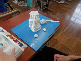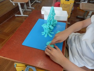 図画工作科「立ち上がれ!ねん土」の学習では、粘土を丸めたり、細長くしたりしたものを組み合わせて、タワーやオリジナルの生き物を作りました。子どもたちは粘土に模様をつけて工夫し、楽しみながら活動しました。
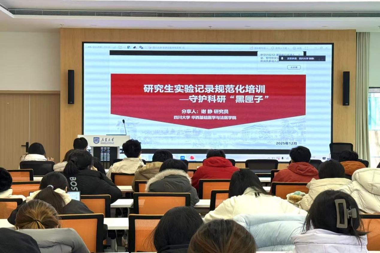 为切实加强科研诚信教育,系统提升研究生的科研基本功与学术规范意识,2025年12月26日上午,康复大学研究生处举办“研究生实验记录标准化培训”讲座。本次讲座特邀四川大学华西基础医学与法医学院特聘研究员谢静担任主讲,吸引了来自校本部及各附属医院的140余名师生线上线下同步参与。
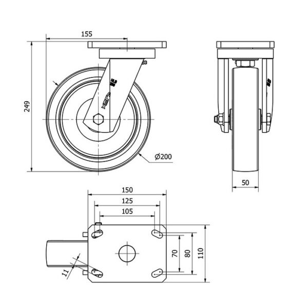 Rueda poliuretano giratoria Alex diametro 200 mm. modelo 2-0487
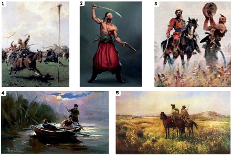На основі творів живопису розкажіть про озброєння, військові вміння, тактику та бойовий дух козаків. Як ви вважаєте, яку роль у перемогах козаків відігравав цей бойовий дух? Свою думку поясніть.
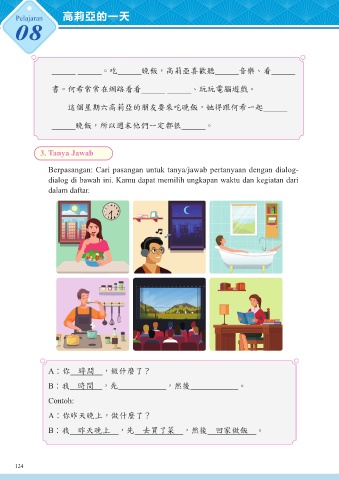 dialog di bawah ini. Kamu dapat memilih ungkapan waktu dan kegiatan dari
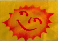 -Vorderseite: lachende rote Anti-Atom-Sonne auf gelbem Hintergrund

* * *

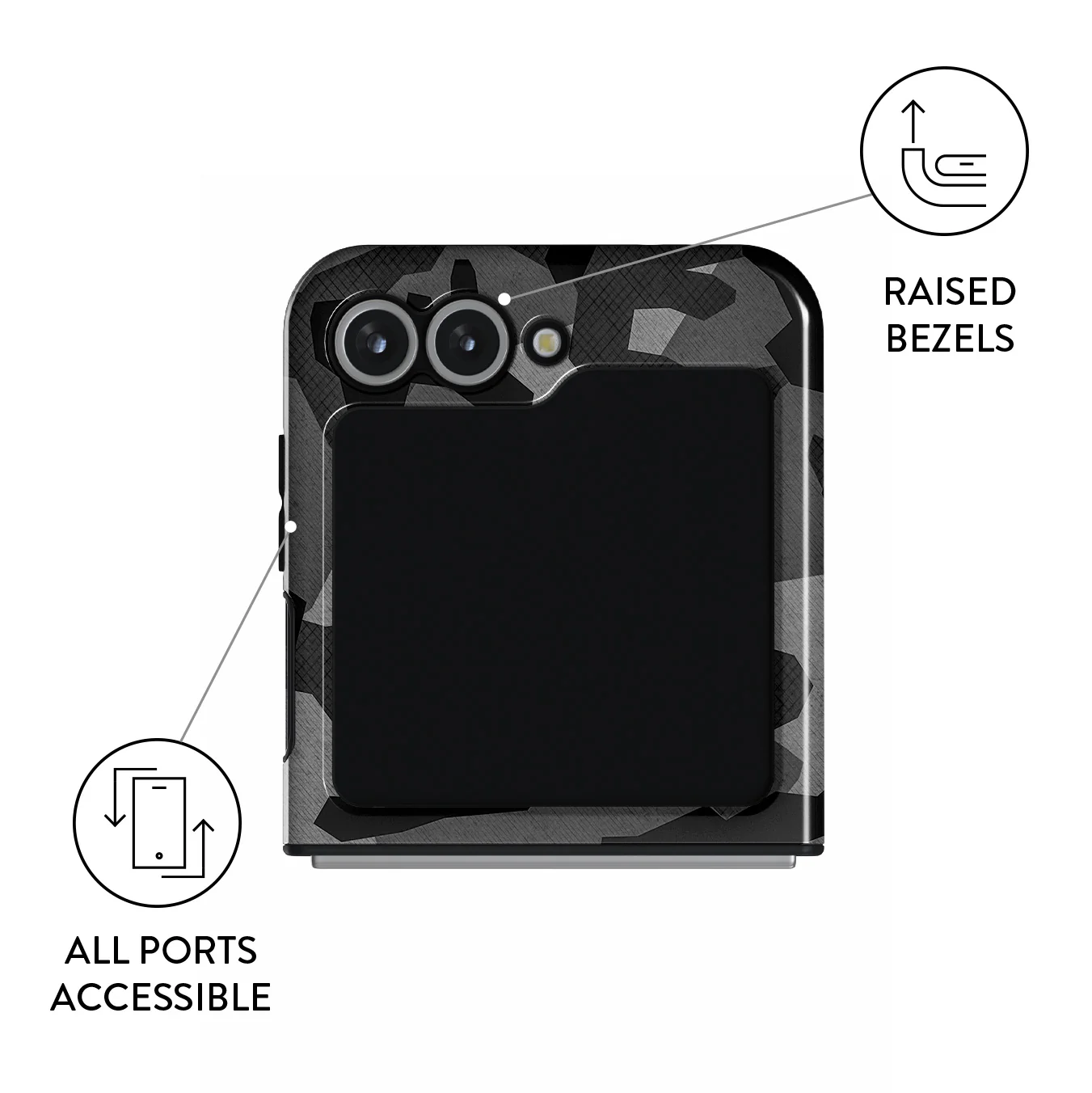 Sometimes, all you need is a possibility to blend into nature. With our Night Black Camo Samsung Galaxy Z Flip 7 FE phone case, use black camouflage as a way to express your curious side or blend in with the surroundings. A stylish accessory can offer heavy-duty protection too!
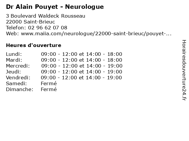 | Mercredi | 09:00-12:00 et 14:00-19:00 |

■ **Instructions for the task**:
Your answer must be the lines above from the one holding "図画工作科「立ち上がれ!ねん" up to and including the one holding "为切实加强科研诚信教育,系统", exact and with no pictures.

■ **Output below**:
 図画工作科「立ち上がれ!ねん土」の学習では、粘土を丸めたり、細長くしたりしたものを組み合わせて、タワーやオリジナルの生き物を作りました。子どもたちは粘土に模様をつけて工夫し、楽しみながら活動しました。
 为切实加强科研诚信教育,系统提升研究生的科研基本功与学术规范意识,2025年12月26日上午,康复大学研究生处举办“研究生实验记录标准化培训”讲座。本次讲座特邀四川大学华西基础医学与法医学院特聘研究员谢静担任主讲,吸引了来自校本部及各附属医院的140余名师生线上线下同步参与。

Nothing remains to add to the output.